Evaluate excessively long sequence pair[QUESTION]

Unbabel / COMET

A Neural Framework for MT Evaluation

https://unbabel.github.io/COMET/html/index.html

Apache License 2.0

493 stars 76 forks source link

Evaluate excessively long sequence pair[QUESTION] #105

Closed minghao-wu closed 1 year ago

minghao-wu commented 1 year ago

❓ Questions and Help

Before asking:

Search for similar issues.
Search the docs.

I briefly read though the source code and didn't get the answer.

What is your question?

I attempted to apply COMET to some excessively long document pairs (more than 3000 words for both source and target sequence). I didn't get any error report when doing so. How does COMET process the excessively long sequence?

Code

#### What have you tried? #### What's your environment? - OS: Linux - Packaging: pip - Version: 1.1.3

ricardorei commented 1 year ago

Hi @minghao-wu, COMET truncates the sentence for very long sentences. Hugging face tokenizer already does that for you if you activate truncate=True. You can check the code here

Also, since we are using a triplet encoder architecture this means that both source, MT and reference have an equal capacity of 512 tokens (1536 tokens in total).

In my experience with typical MT testsets this is enough. What is your use case exactly?

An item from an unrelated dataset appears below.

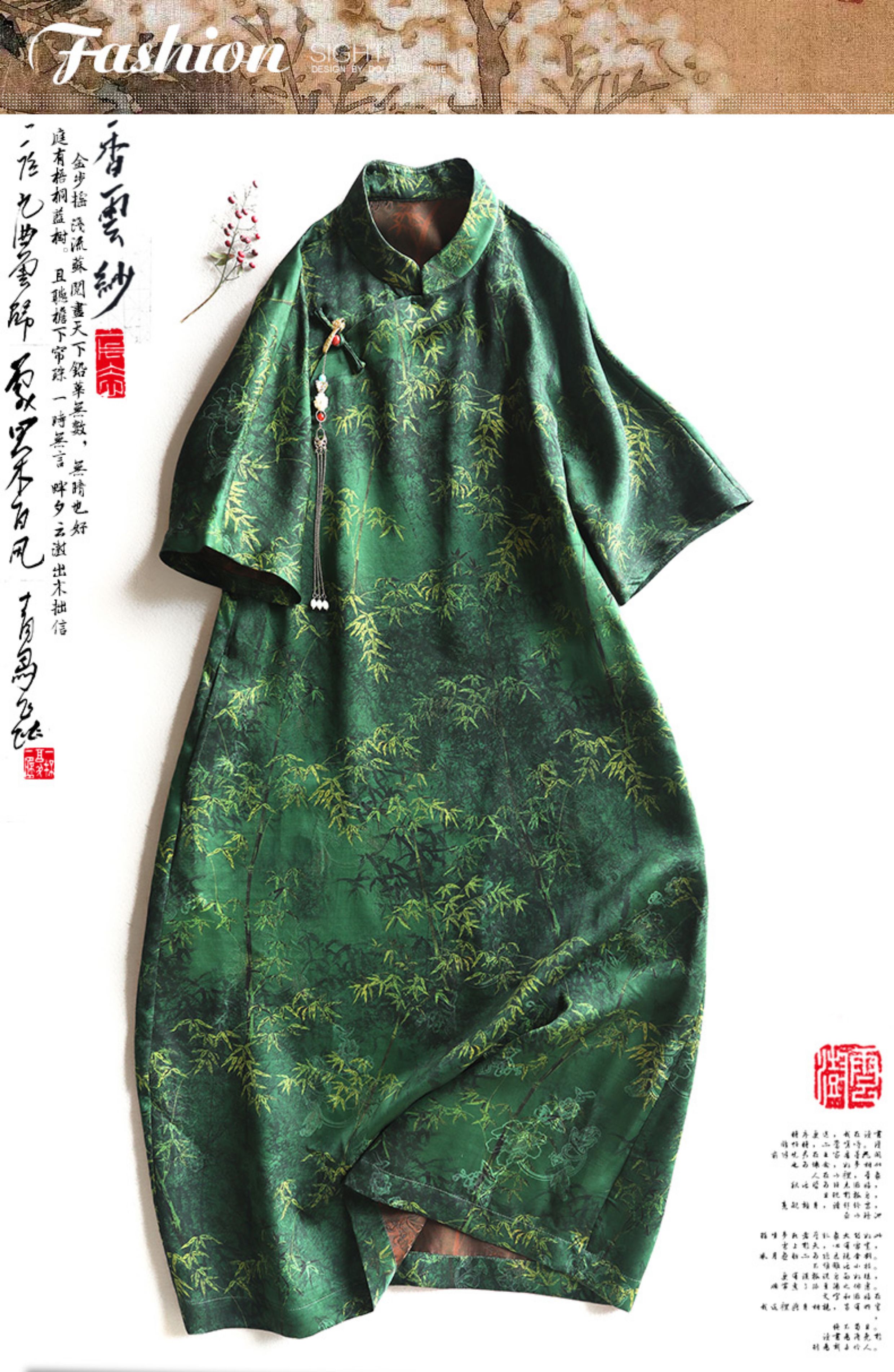 Yunshu Original Floral Fragrant Cloud Silk Light Chinese-Style Improved Loose Cheongsam Dress New Chinese-Style Artistic Long Dress for Summer

minghao-wu commented 1 year ago

Hi @ricardorei ,

Thank you for your answer.

Yes, 512 is typically long enough for a single sentence. However, I am working on DocNMT and trying to use COMET as a document-level measure by concatenating all the source sentences, references and hypotheses within the same document. For example, one of the common benchmark dataset in DocNMT is IWSLT2017 En-De. The document length in the test set is typically longer than 1000 words. Do you have any suggestions for this situation?

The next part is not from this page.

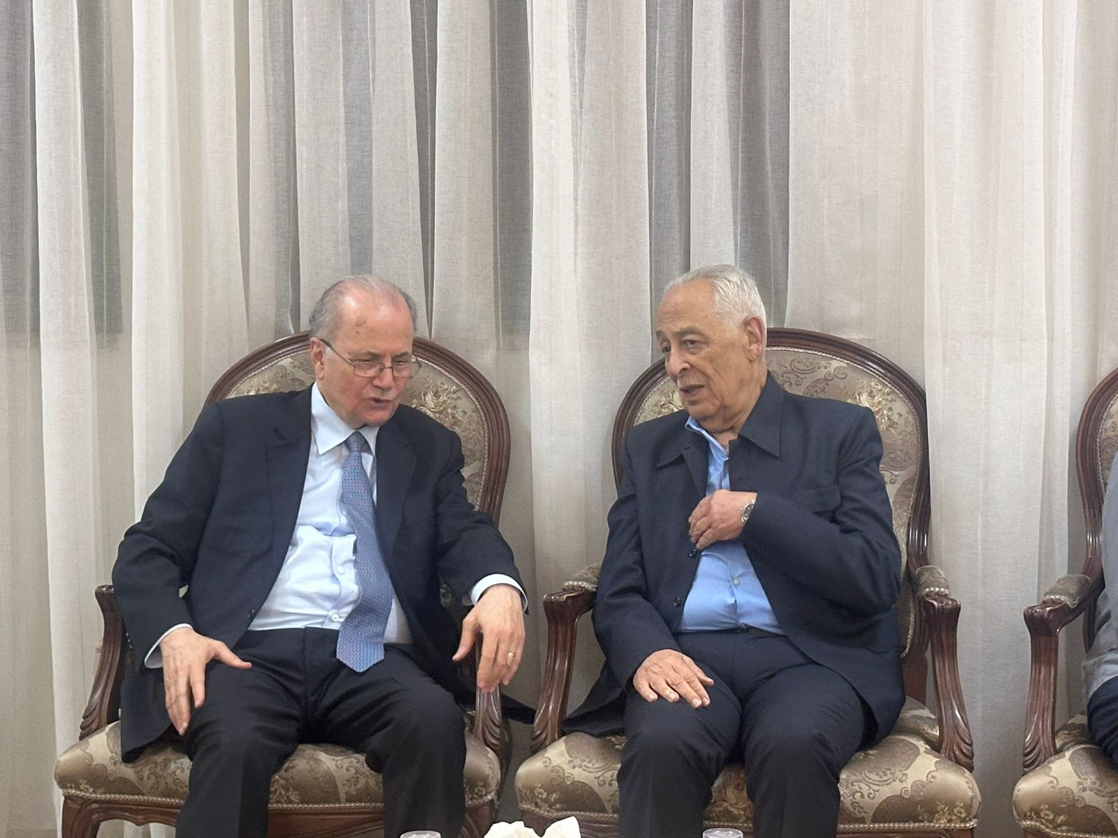 المستقل – مندوبا عن جلالة الملك عبدالله الثاني وسمو الامير الحسين بن عبدالله الثاني، ولي العهد، قدم رئيس الديوان الملكي الهاشمي يوسف حسن العيسوي واجب العزاء بوفاة الدكتور عادل عبدالله مصطفى، شقيق دولة رئيس وزراء دولة فلسطين الدكتور محمد مصطفى.

ricardorei commented 1 year ago

You can take a look into this work

They extended COMET and other metrics to take into account context.

You still need to score each individual segment within the document but, for each segment, the score will be computed using the previous sentences and more context sensitive.

I want to integrate that into the next release of COMET but for now I think you should take a look at their work.

ricardorei commented 1 year ago

You can look at their paper here: Embarrassingly Easy Document-Level MT Metrics: How to Convert Any Pretrained Metric Into a Document-Level Metric

minghao-wu commented 1 year ago

Thank you for your suggestion. I will have a look.

mtresearcher commented 1 year ago

@ricardorei are you planning to add document level context in COMET sometime soon already?

seeledu commented 1 year ago

same question